Do not repeat pictures. Repeat exactly the lines of the listing below from its first line through the line with "in the night.".

* Exercise data:
+++

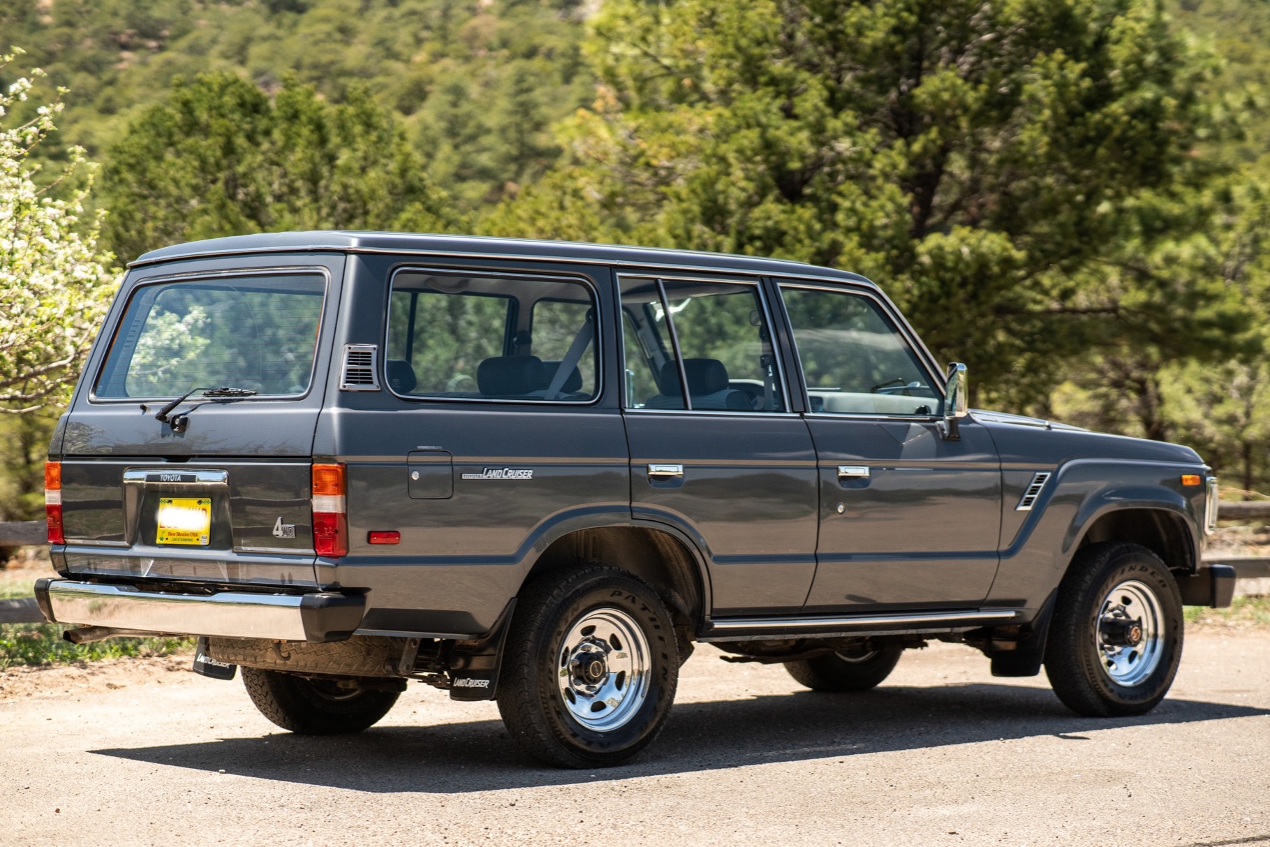 Factory chrome 15″ wheels feature manually-locking front hubs and are mounted with Pathfinder All-Terrain tires at each corner. A matching spare accompanies the truck.
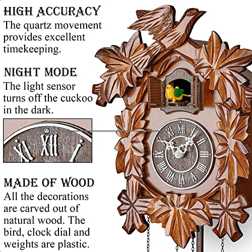 ⭐ NIGHT MODE: When you turn off the light, the clock stops chiming and the cuckoo bird will not disturb you in the night.
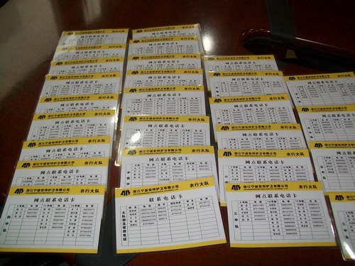為提高大隊押運服務(wù)質(zhì)量,增強一線押運車組與網(wǎng)點服務(wù)單位的直接協(xié)調(diào)溝通,減少應(yīng)聯(lián)系不夠造成的各類誤會,寧波安邦護(hù)衛(wèi)有限公司農(nóng)行大隊根據(jù)各中隊線路網(wǎng)點編排情況,特定制了一批服務(wù)網(wǎng)點固定電話聯(lián)系卡,并配發(fā)到各中隊車組上,方便使用。通過近一個月的試用,效果較好,提高了業(yè)務(wù)工作聯(lián)系的時效和準(zhǔn)確性,避免了因業(yè)務(wù)聯(lián)系不到位造成的投訴現(xiàn)象,各方反應(yīng)良好。

+++

* Written reply:
 Factory chrome 15″ wheels feature manually-locking front hubs and are mounted with Pathfinder All-Terrain tires at each corner. A matching spare accompanies the truck.
 ⭐ NIGHT MODE: When you turn off the light, the clock stops chiming and the cuckoo bird will not disturb you in the night.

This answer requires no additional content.